Material supplied:
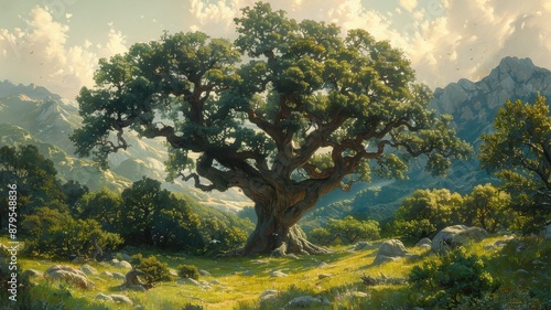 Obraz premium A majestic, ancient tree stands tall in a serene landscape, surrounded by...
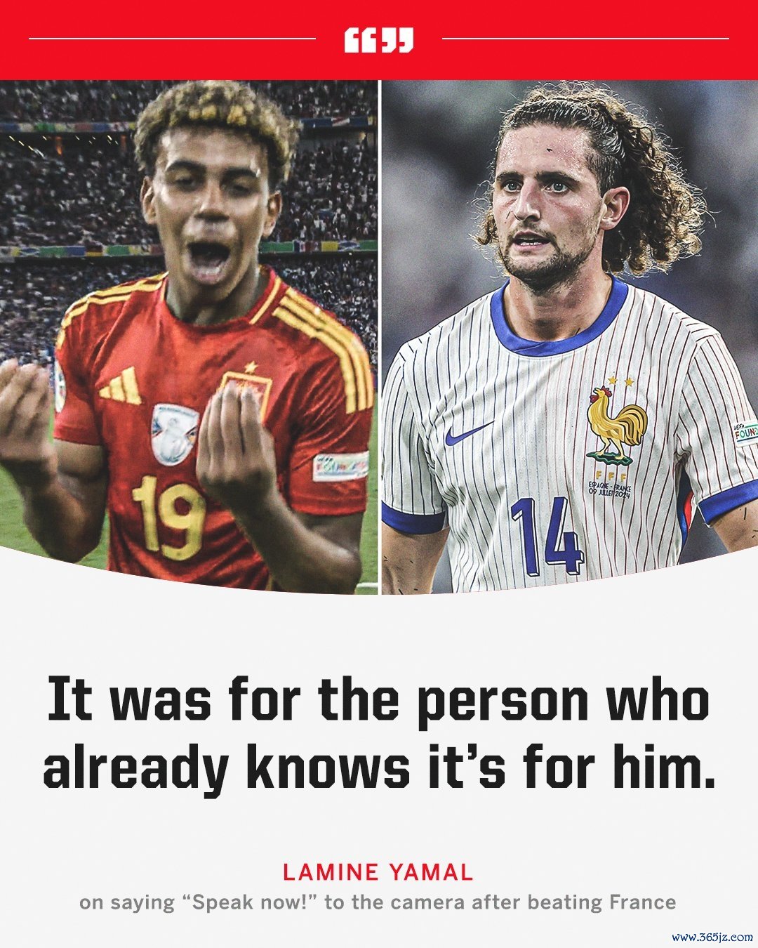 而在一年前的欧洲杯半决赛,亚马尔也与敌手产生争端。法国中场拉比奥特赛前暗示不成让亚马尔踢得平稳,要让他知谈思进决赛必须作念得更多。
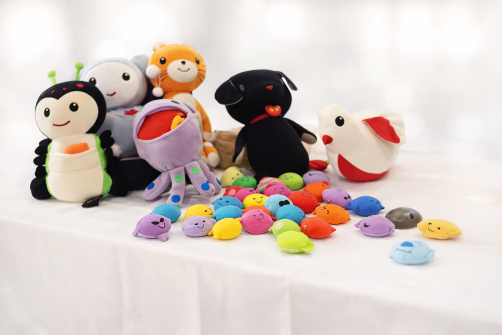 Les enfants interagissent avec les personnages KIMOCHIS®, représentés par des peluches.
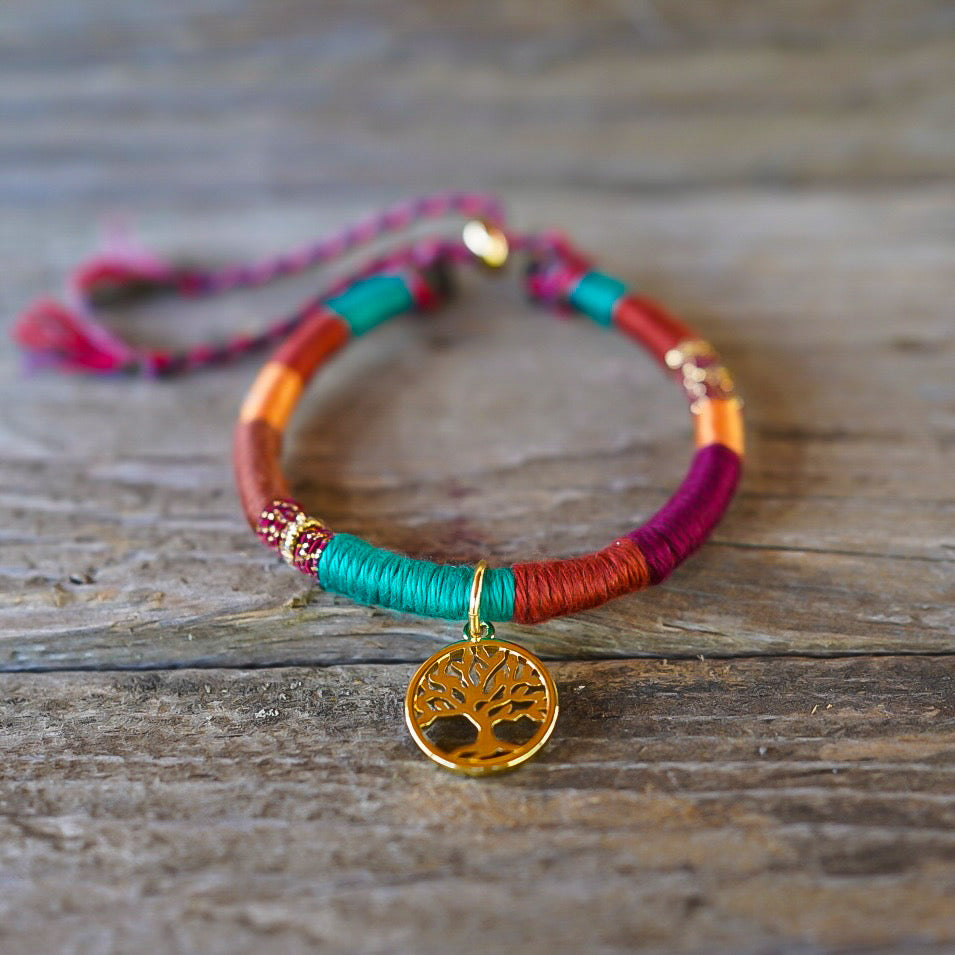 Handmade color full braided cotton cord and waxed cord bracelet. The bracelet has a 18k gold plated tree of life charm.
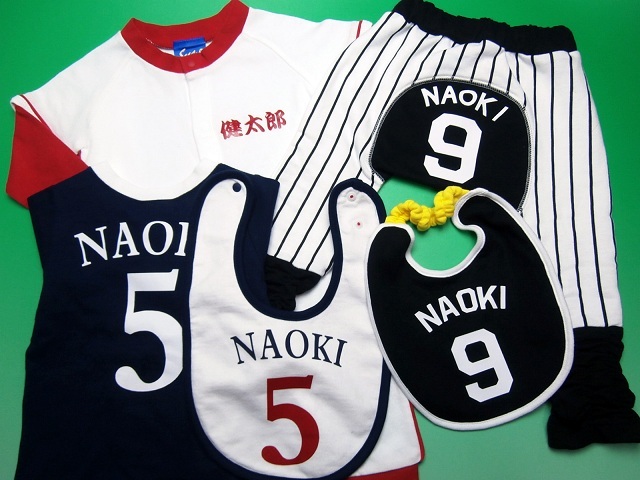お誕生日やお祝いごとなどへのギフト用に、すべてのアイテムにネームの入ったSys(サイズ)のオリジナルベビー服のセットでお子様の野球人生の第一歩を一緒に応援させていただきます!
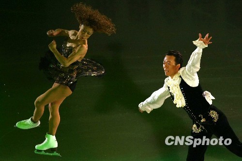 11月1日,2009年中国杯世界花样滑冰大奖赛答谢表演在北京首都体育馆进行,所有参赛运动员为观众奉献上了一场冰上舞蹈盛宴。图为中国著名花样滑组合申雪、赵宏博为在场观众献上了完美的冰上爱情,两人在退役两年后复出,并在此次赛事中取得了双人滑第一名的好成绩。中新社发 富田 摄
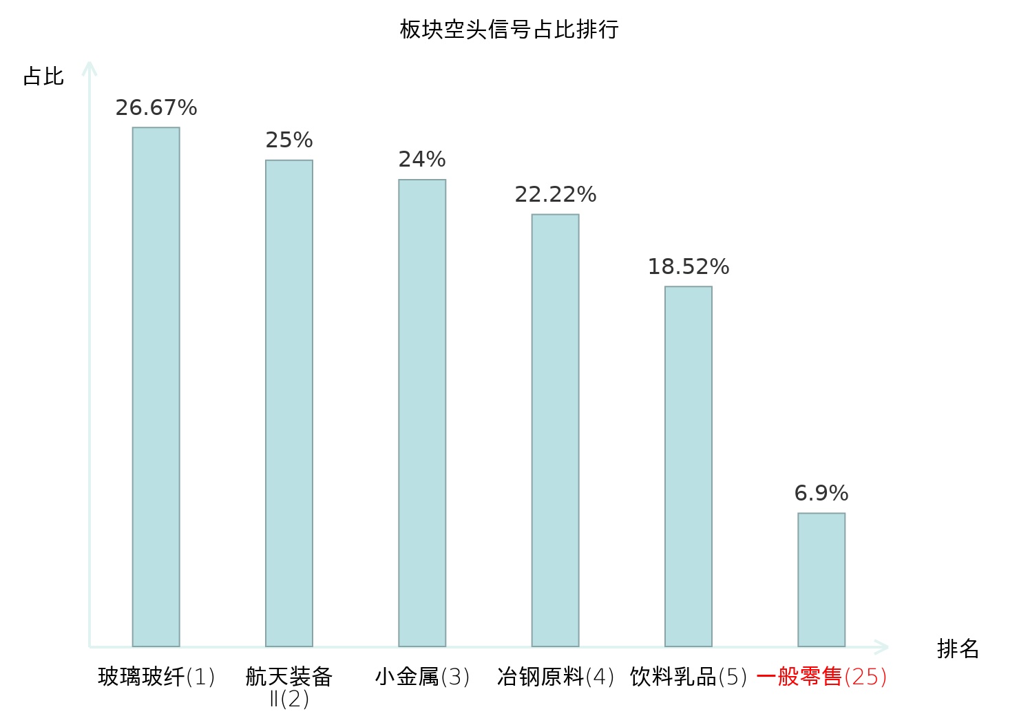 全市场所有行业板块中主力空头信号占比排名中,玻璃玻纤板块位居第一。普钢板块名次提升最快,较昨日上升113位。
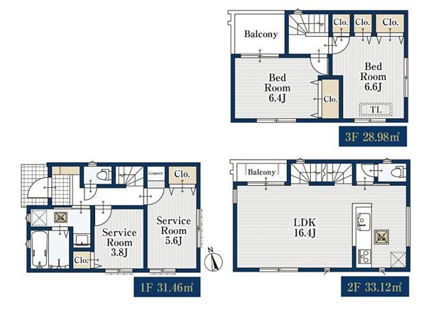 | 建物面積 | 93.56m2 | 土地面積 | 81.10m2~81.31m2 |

Activity:
Could you repeat, exactly and with nothing else, the lines from the first line of the records through the line containing "Les enfants interagissent"? Leave out the pictures.

Exercise output:
 Obraz premium A majestic, ancient tree stands tall in a serene landscape, surrounded by...
 而在一年前的欧洲杯半决赛,亚马尔也与敌手产生争端。法国中场拉比奥特赛前暗示不成让亚马尔踢得平稳,要让他知谈思进决赛必须作念得更多。
 Les enfants interagissent avec les personnages KIMOCHIS®, représentés par des peluches.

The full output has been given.